Frontier Justice is a gripping, eye-opening exploration of the world-wide refugee crisis. Combining reporting, history and political philosophy, Andy Lamey sets out to explain the story behind the radical increase in the global number of asylum-seekers, and the effects of North America and Europe's increasing unwillingness to admit them.
He follows the extraordinary efforts of a set of Yale law students who sued the U.S. government on behalf of a group of refugees imprisoned at GuantAnamo Bay; he recounts one refugee family's harrowing journey from Saddam Hussein's Iraq to contemporary Australia via the world's most dangerous ocean crossing; and he explores the fascinating case of Ahmed Ressam, the so-called Millennium bomber who filed a refugee claim in Canada before attempting to blow up the Los Angeles airport. Lamey casts new light on a host of broader subjects, from the reasons why terrorists who pose as refugees have an overwhelming failure rate to the hidden benefits of multiculturalism.
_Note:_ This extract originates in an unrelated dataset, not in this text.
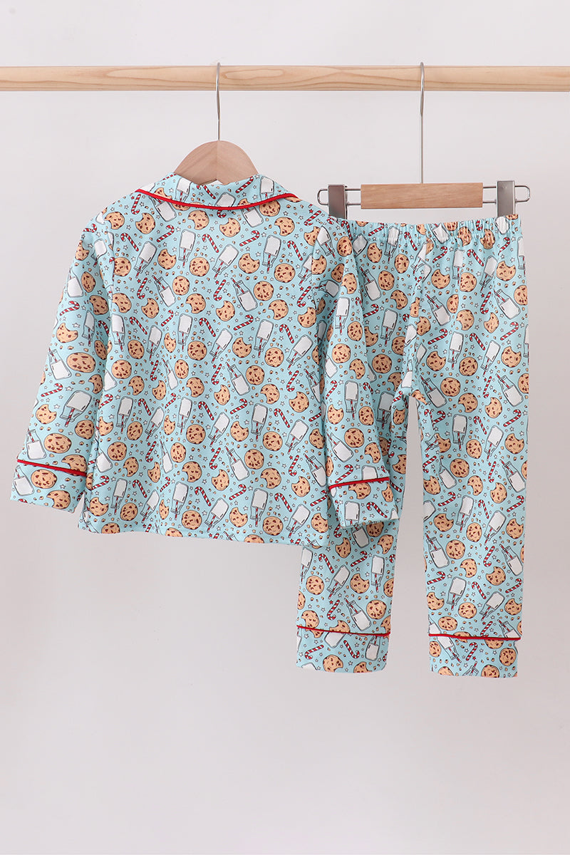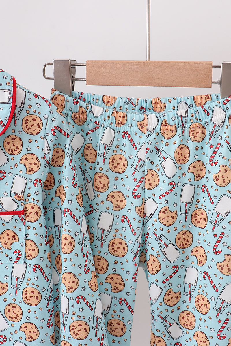 Get cozy and festive with this Santa Claus cookie print pajama set! Perfect for holiday mornings or winter nights, these pajamas bring a playful touch to your seasonal wardrobe. The charming cookie designs add a sweet holiday spirit while keeping you comfy all night long. Ideal for lounging or gifting, this set makes every cozy moment a little more magical.

Throughout Lamey's account, he focuses on the rights of people in search of asylum, and how those rights are routinely violated. But Frontier Justice does not merely point out problems. This book offers a bold case for an original solution to the international asylum crisis, one which draws upon Canada's unique approach to asylum-seekers. At the centre of the book is a new blueprint for how the rights of refugees might be enforced, and a vision of human rights that is ultimately optimistic and deeply affirmative.
In exploring one of the most pressing questions of our age, Lamey provides an absorbing and unsettling look at a world in which, as he notes, there are many rights for citizens, few for human beings.